§ WHAT YOU HAVE TO DO
Given the records underneath, please repeat exactly the lines from the line with "Prima pagina Giornale" through the line with "富贵包严重可能导致肩颈疼痛、", passing over any picture.

─── RECORDS FOR THE TASK ───

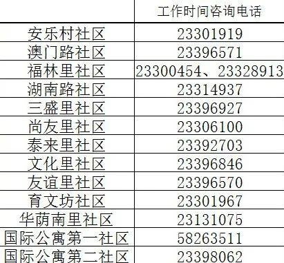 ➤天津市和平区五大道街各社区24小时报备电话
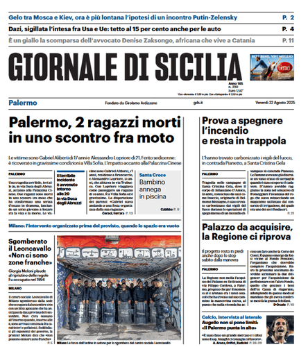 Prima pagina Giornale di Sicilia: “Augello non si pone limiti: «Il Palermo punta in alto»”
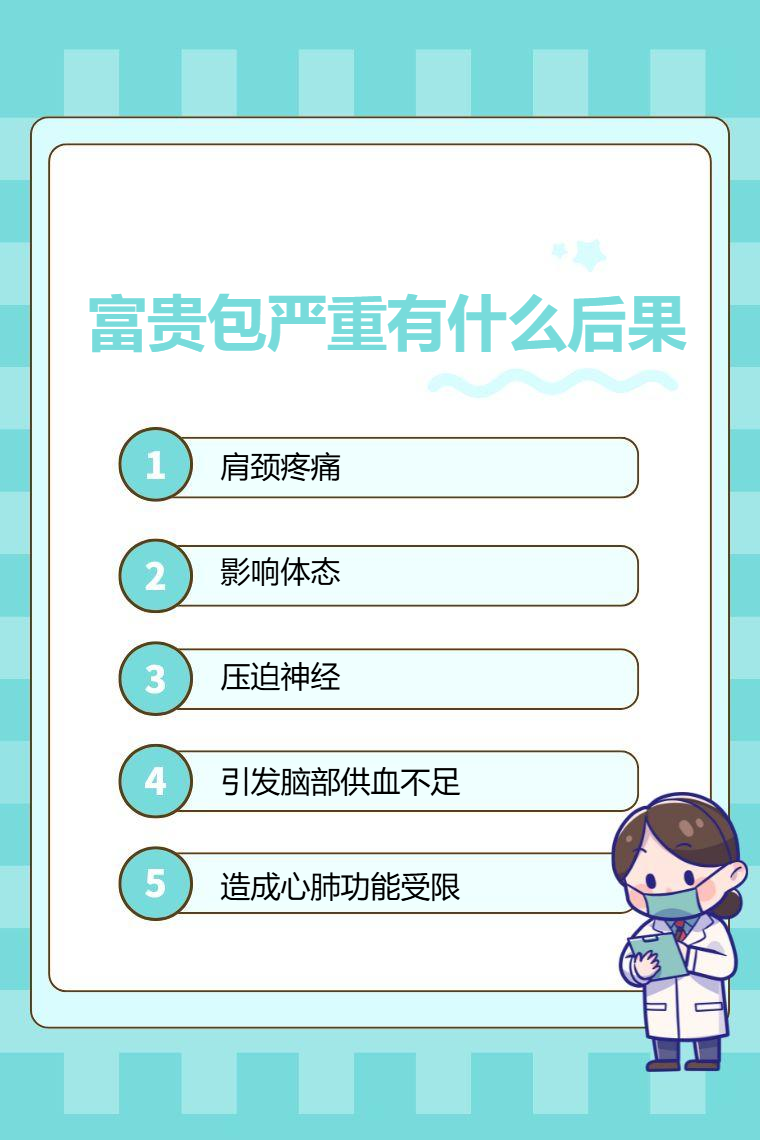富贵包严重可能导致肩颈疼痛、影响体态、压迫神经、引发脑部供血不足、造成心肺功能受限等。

───
─── RECORDS FOR THE TASK ───

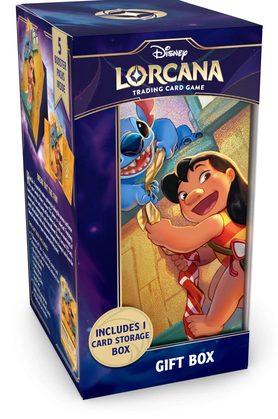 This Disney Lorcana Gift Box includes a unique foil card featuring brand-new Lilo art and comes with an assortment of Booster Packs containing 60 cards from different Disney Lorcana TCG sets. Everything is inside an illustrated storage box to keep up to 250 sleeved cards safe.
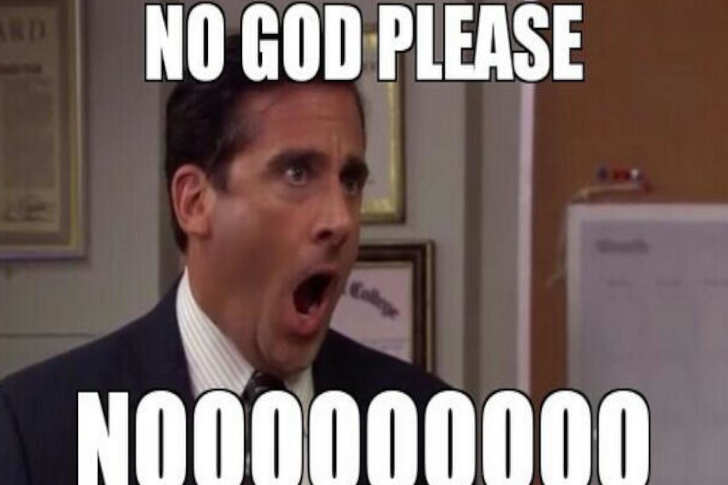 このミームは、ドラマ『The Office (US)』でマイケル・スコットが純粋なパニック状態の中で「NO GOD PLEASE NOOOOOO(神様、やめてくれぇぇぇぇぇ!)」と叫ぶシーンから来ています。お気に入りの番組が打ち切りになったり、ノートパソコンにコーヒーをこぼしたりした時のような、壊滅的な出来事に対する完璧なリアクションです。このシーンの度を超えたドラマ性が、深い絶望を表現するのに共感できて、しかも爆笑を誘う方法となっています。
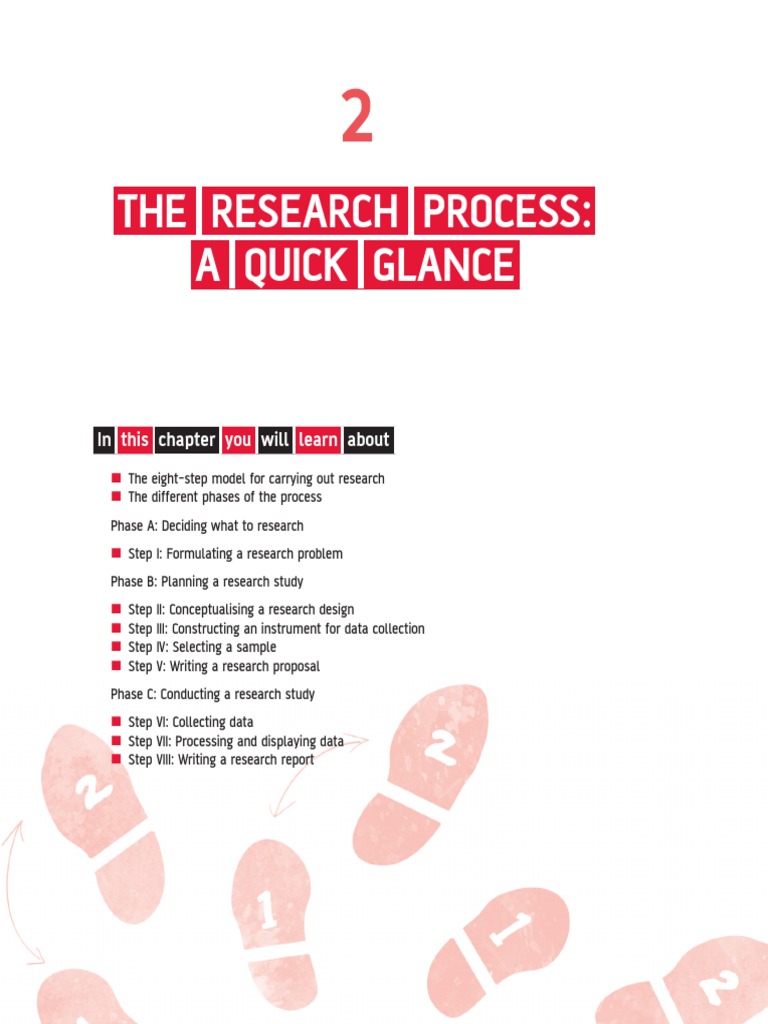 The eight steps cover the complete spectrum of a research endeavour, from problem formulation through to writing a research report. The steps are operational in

───
─── RECORDS FOR THE TASK ───

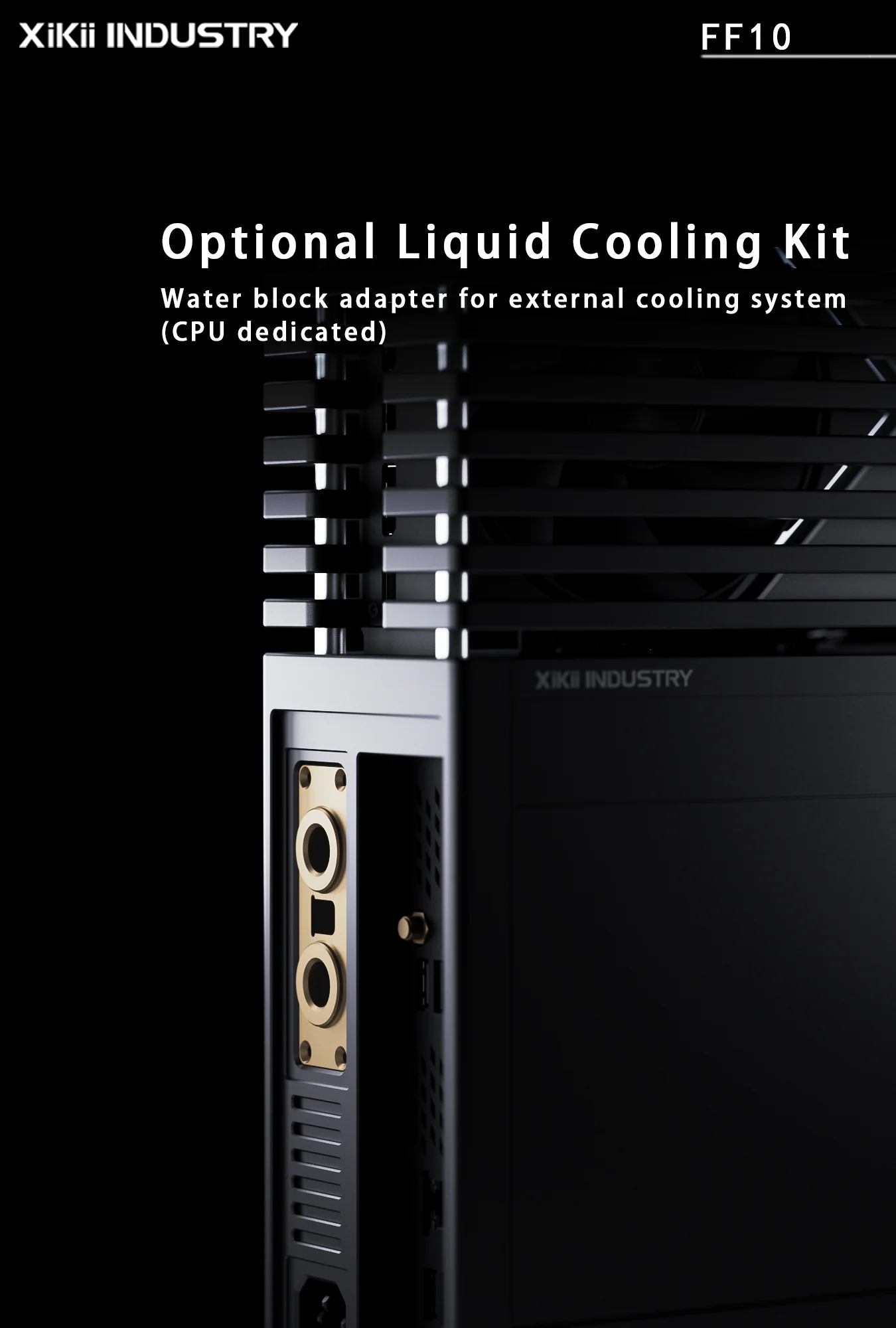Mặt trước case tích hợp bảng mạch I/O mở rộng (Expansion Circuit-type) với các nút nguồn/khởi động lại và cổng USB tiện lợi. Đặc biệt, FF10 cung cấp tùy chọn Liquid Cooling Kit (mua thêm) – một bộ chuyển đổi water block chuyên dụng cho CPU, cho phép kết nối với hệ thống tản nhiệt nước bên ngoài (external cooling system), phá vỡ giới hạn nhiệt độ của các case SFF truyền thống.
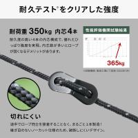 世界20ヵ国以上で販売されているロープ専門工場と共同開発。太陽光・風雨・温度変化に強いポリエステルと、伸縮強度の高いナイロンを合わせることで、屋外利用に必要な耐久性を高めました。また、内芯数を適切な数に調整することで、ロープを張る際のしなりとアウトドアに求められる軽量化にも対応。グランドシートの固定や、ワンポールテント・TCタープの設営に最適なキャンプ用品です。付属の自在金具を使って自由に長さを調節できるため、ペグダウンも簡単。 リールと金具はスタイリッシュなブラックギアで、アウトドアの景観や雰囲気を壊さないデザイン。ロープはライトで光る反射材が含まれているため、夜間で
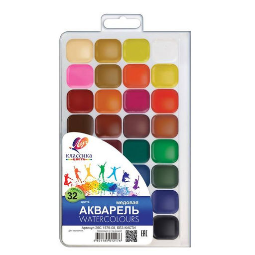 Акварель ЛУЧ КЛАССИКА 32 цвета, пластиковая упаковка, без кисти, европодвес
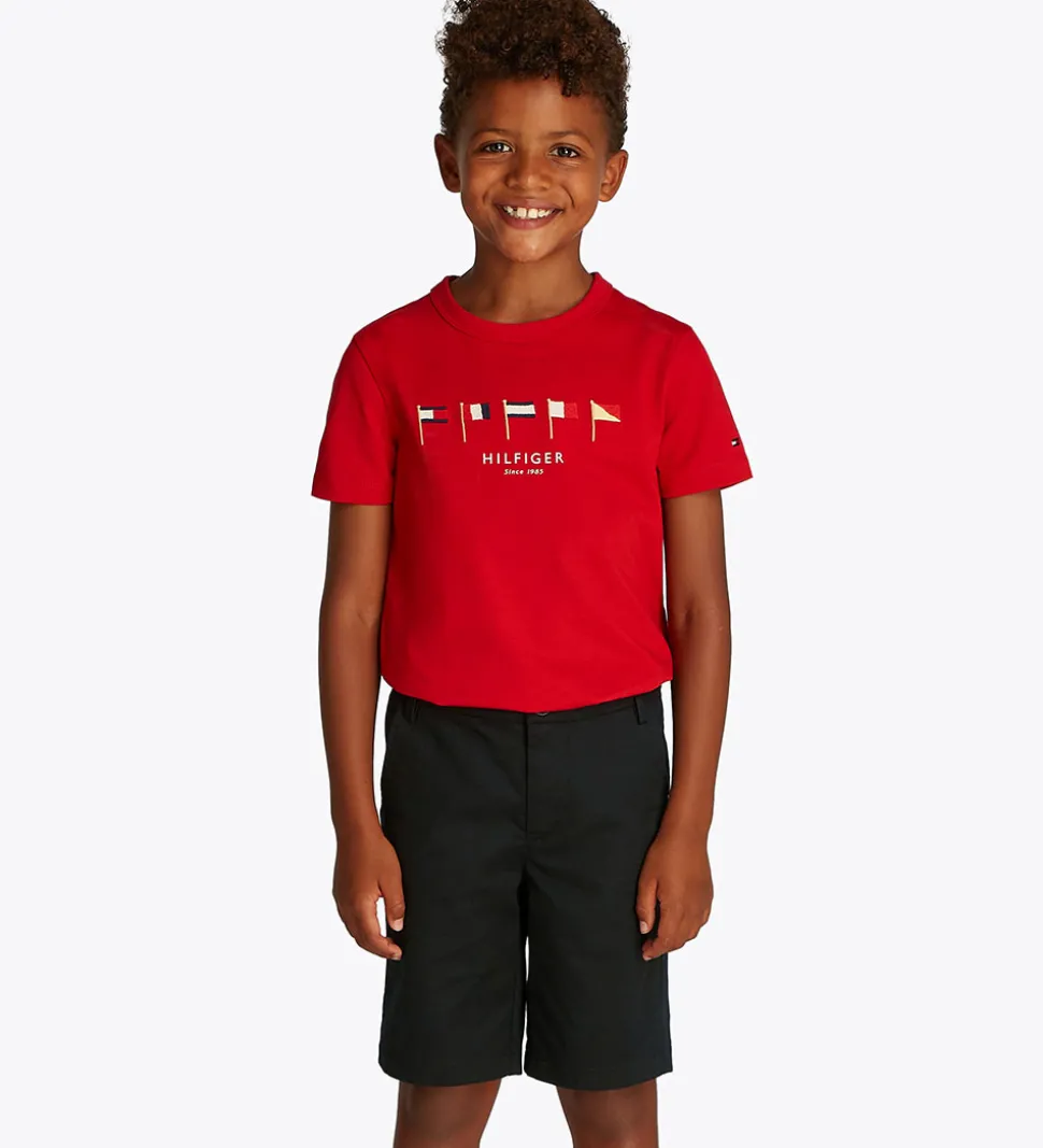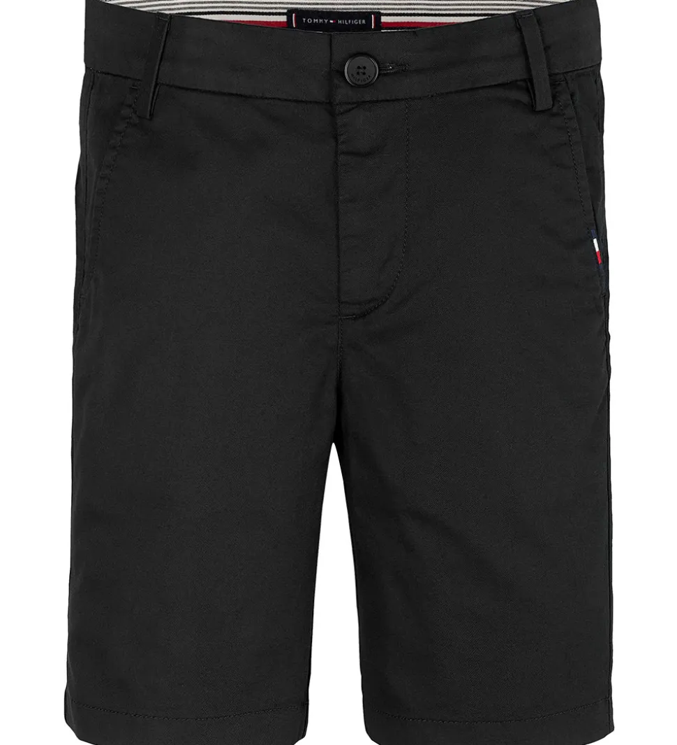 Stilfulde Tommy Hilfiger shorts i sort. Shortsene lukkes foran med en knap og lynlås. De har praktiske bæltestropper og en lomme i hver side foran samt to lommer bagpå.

───

§ ANSWER SECTION
 Prima pagina Giornale di Sicilia: “Augello non si pone limiti: «Il Palermo punta in alto»”
富贵包严重可能导致肩颈疼痛、影响体态、压迫神经、引发脑部供血不足、造成心肺功能受限等。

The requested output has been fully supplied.